More than likely what your dealing with here is an aftermarket cam installation, where they just "lined up the dots". In a perfect world, that works.. but welcome to reality. I have seen cams ground so far off, I literally had to advance the upper gear on the timing chain one tooth, to get them to degree correctly. Retarded camshaft timing causes exactly what your describing. Here is how to check, with just taking the Driver side valve cover off. Rotate the engine until it's at split overlap on number one cylinder.. "Split overlap" is when both valves on number one cylinder are open the same amount.. in between the power and exhaust stroke.. number 6 cylinder will be near TDC if the cam timing is correct. Now look at the timing marks.. the mark on the balancer needs to be right around the zero mark on the tab, give or take 6-8 degrees in either direction. If the balancer mark is no where in sight, or way advanced or retarded, then you know the cam timing is incorrect, and the engine needs to have the camshaft degreed in. I'd wager a cold beer that this is your problem.. it's very common, very frustrating, you will chase your tail for weeks, and spend hundreds or thousands of dollars, and not solve it.. So take a look at this, before you do anything else. JW
JW, Wow that is a great tip. I can not thank you enough for the advise. I will have the garage do that test and report back our findings.
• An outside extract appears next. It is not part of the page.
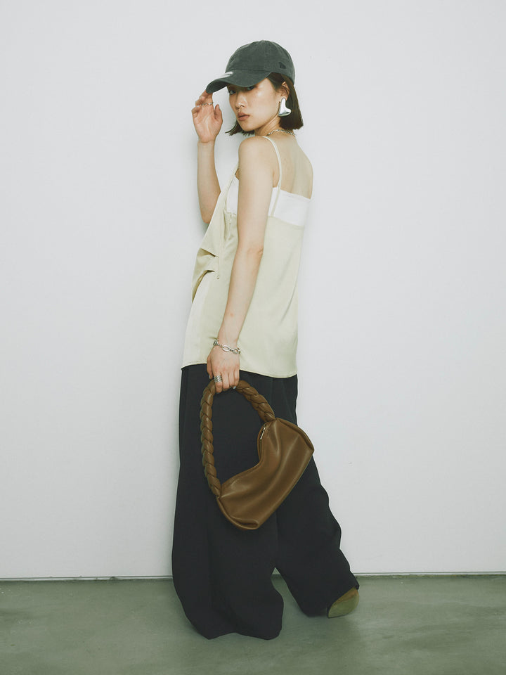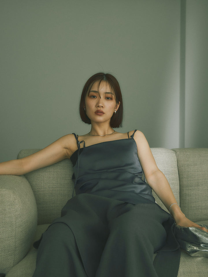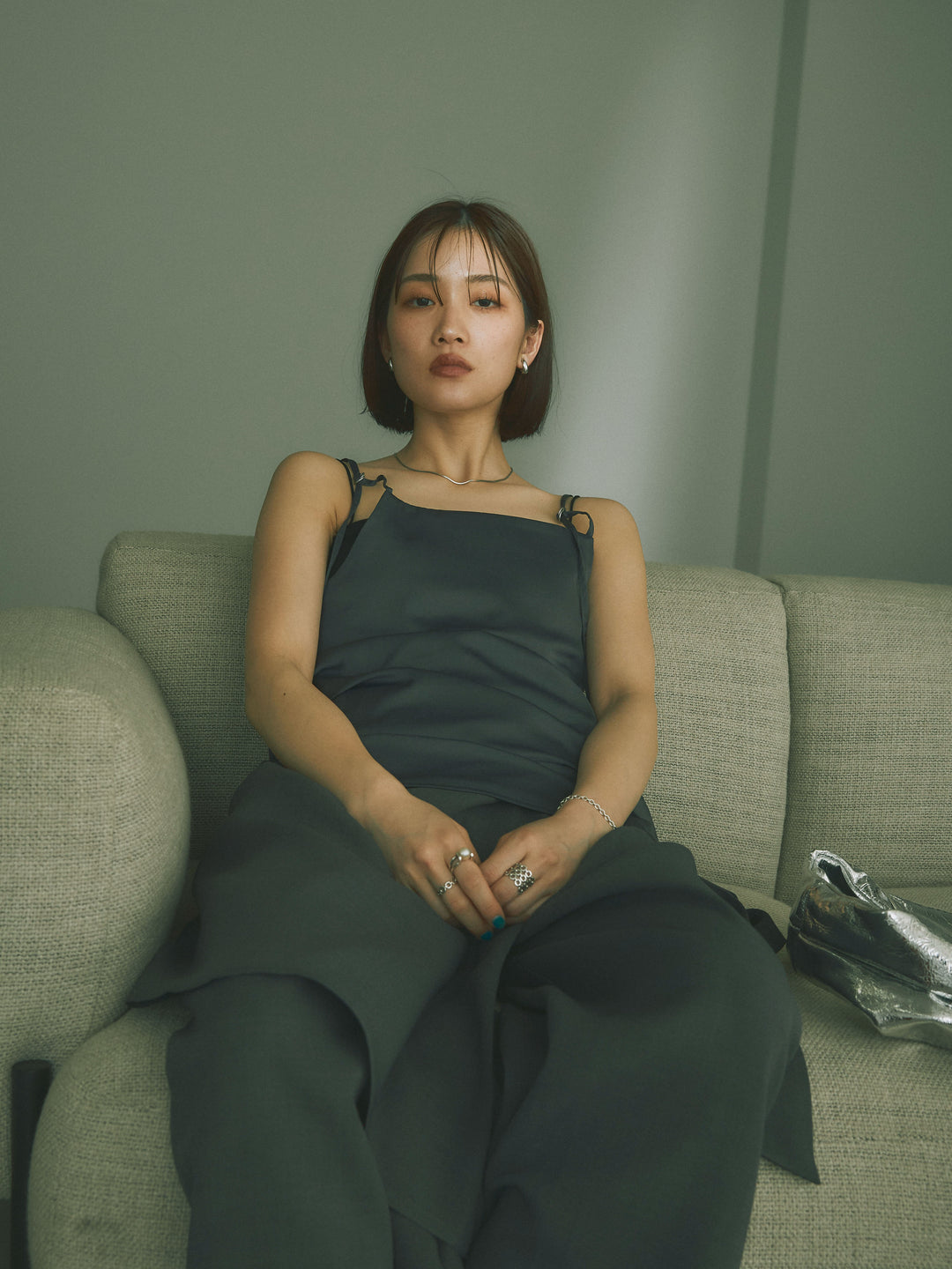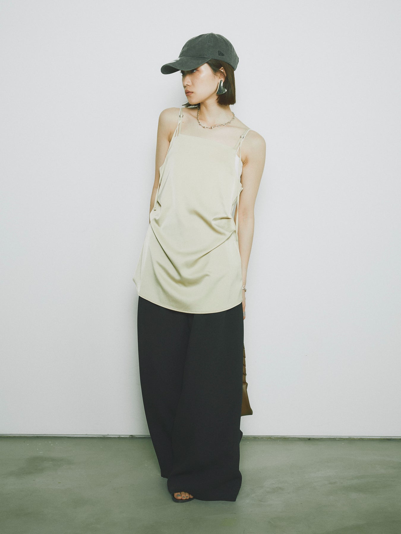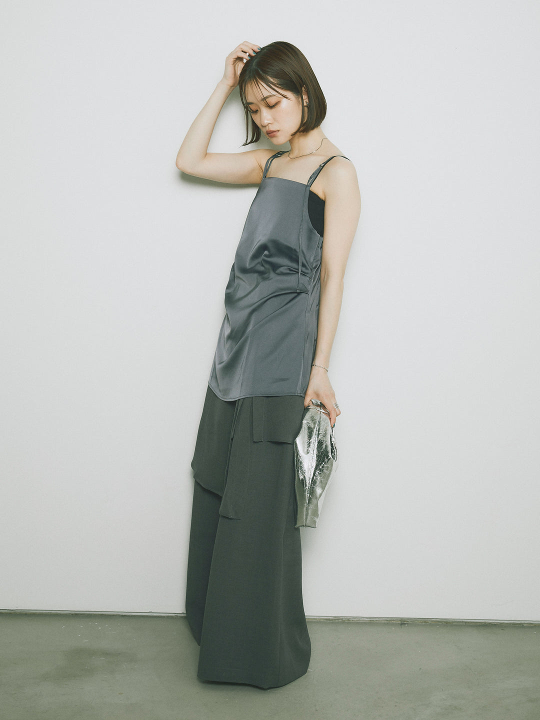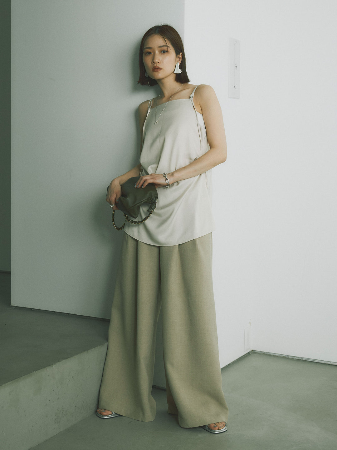 [SET]マットサテンタックデザインキャミソール+リネンタッチラップ巻きワイドパンツ(2set)

Ok, here is the latest update. The Garage I am using talked me out of changing the intake manifold gasket. They also talked me out of performing the test that JW suggested in this thread to check cam issue. They stated that JW's test would only work if it were a solid lifter set up. So I brought it home and did another test you can see in this video (link attached). When I spray carb cleaner at a certain point at the back side of the manifold on the passenger side, I get a significant Idle change. Please watch this video and weigh in on if you think I am on to something. I think this is all a bad intake manifold leak. The most I can get at 800 rpm is about 13lbs and in drive it drops below 9 lbs of mercury. When you Rev the engine it drops as it should, but then shows 20 lbs as it coasts down for a second and then settles in back at 13/14lbs. The engine runs great while driving (except for pinging at high load due to high timing setting) it also sounds tight and smooth when you rev in idle. If I bring the timing into specs it will not idle at all. It just plain falls apart when you put it in drive and you have to run 16 degrees advanced timing to get close to drivability. I am convinced this is a intake manifold leak and I am chasing my tail. I had to do a YouTube link for this video because I can not attach a video on this platform. If you copy and paste this link into YouTube you should see the video.
What happens to the idle vacuum when you spray and hear the idle change? Does the vacuum increase at the same time?
What happens if you partially smother the carb with your hand? Does the idle smooth out? That's usually an indication of a vacuum leak.
No, I tried that and it reacts opposite. It starts to kill the motor. This is what confuses me. Could this be a Vally manifold leak or something different?
Try what I suggested in post 15. Pull the PCV valve out of the intake. Plug all the vacuum ports going into the manifold and carburetor. Then see if there is vacuum inside the crank case. That would indicate a valley manifold leak.
Larry, A first I did not understand your question. You are asking if the Vacuum goes up or down when spraying the fluid. I did not have the vacuum gage on it but I will do it tomorrow.